Critical Thinking: Components of Critical Thinking
Critical thinking is akin to the study of logic. Critical thinking relates to how we make decisions and use our judgment. Critical thinking is more than just thinking about thinking or metacognition. It is also about how we take action. Critical thinking involves many components, lets have a look at four:
The ability to reason is often considered one of the characteristic marks of being human. Further, the individual’s ability to reason well is a critical thinking skill. Many of the definitions of critical thinking tend to focus on this ability to reason. Reasoning occurs when we use our knowledge of one thing, process, or statement to determine if another thing, process, or statement is true. When we apply reasoning, we use logic to determine “what follows what.” Human reasoning does not always follow logic and is often based on emotional bias.

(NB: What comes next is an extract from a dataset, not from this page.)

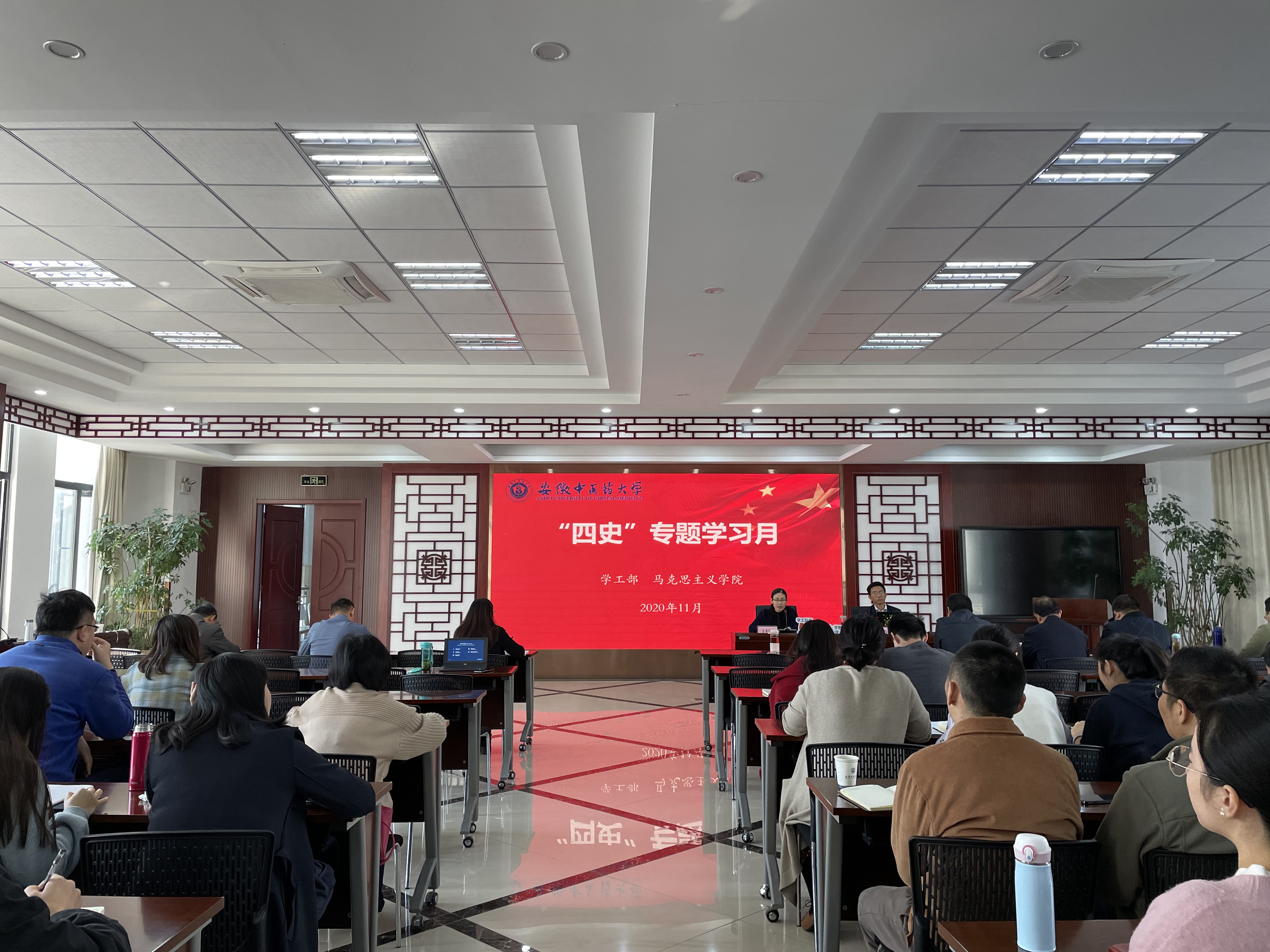 11月13日上午,学生处、马克思主义学院联合开展“四史”专题学习月专题报告会,马克思主义学院院长董玉节作《学习贯彻习近平总书记考察安徽重要讲话精神——落实立德树人根本任务》主题报告,全体学工队伍教师、马克思主义学院教师参加报告会,校学生处处长王红松主持报告会。

Open-mindedness is the virtue by which we learn. In particular, being open-minded means taking into account relevant evidence or argument to revise a current understanding. It means being critically open to alternatives, willing to think about other possibilities even after having formed an opinion, and not allowing pre-conceived notions to constrain or inhibit reflection on newly presented information. Open-minded inquiry is a central theme in education.

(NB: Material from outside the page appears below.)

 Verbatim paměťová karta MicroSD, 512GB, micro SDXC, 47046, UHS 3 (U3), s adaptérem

In critical thinking the step of analysis helps us to discriminate and access information. Going back to Bloom’s taxonomy, remember that learning occurs in three domains: cognitive, affective, and psychomotor. In the cognitive domain, analysis is the fourth level and a higher ordered thinking skill. Analysis involves the process, as previously mentioned, of discriminating or separating.
Logic and reasoning are similar but not the same. Logic is the branch of philosophy that gives the rules for deriving valid conclusions. A conclusion is valid if it follows from statements that are accepted as facts. For instance, a logical statement might be, 1 + 1 = 2. This is a rule based on fact. Factual statements are called premises. When reasoning does not follow the rules, we say it is illogical.